As part of a Jagermeister Music Tour, Alaska’s Portugal. The Man rolled into a sold-out Music Hall of Williamsburg on a balmy April evening. The hall is ideal, a shallow room with a wide stage, there are huge baubles draped across it and out over the crowd. There’s an upstairs bar, a downstairs bar, balconies each side and plenty of room for just hanging out before the gig as well as a big merch area where every album by the band was on sale on vinyl and cd.
The crowd pour in slowly during the catchy jangle of the support band, The Lonely Forest, and there’s a cooling breeze running through the warm room. Right from the off, as the baubles pop to life, the five-piece get straight into ’All Your Light’, no teasing, all action.

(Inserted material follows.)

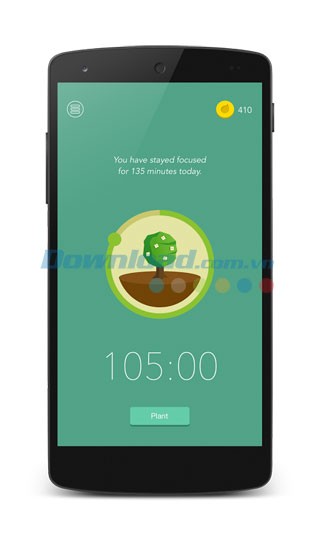 Forest cho Android giúp bạn cai nghiện smartphone và nâng cao khả năng tập trung. Mỗi khi bạn muốn tập trung, hãy gieo một hạt cây. Trong vòng 30 phút tiếp theo, hạt cây sẽ phát triển thành một cây lớn mạnh.
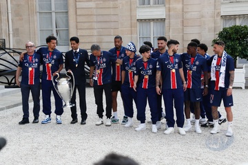 Les célébrités arrivent à la réception organisée en l'honneur des joueurs du PSG (Champions d'Europe 2025) à l'Elysée

With the vocals shared heavily between the two frontmen John Gourley is tucked away to the left of the stage but the more energetic Zachary Carothers cuts a fine figure of energy center-stage. Coupled with the dancing lights, the mood is like turning the switch for ’Friday’ from off to on.
Three songs in and ’So American’ starts with some seemingly mis-timed drums but soon recovers to hands-in-the-air levels. With the main singing in ’So American’ being done by Gourley on the dark left side, there’s something missing from the spectacle but you could not fault the energy firing from stage to crowd, and these levels were only just beginning to climb. ’Devil’ quickly turns into something seemingly familiar and soon we’re knee-deep in The Beatles’ ’Helter Skelter’, ripped apart, reconstructed and put on steroids. It sonically tears the house down and it is really, really loud. Proper order.
And on it goes. There’s hardly a break taken to tune guitars, and no energy-sapping chatty bits in-between, they careered through 20 songs and were sometimes drowned out by the fired-up crowd especially as ’Sleep Forever’ closed the set twisting into the final chorus of ’Hey Jude’ which sparked a rapturous sing-along. The crowd here are givers, singing as much as they can, piled in around the front and punching the air till the blood runs out of their arms, they are perhaps 51% of the gig. A cheery stage-diver is safely caught while security remain sensibly invisible.
Coming back for one more (that’s how to do an encore, kids. Put everything into a 19 song set then, if they reeeeallly want it,have one more song up the sleeve) the pace is calmed somewhat with ’And I’. While the band are closing off, in a most surreal episode, a grey-bearded skinny dude walks his way through the crowd past us heading for the back with a large plate of fresh cheese and grapes out in front of him. It’s a look-at-the-guy-beside-you-to-see-if-that-really-happened moment.
Leaving on a high it’s now time for the bars of Willamsburg or the L train to soak up the parting crowd on the night the locals call 20-4, an unofficial day of the stoner by all accounts. A glorious Friday show, the humming of ’Helter Skelter’ saw us all the way home.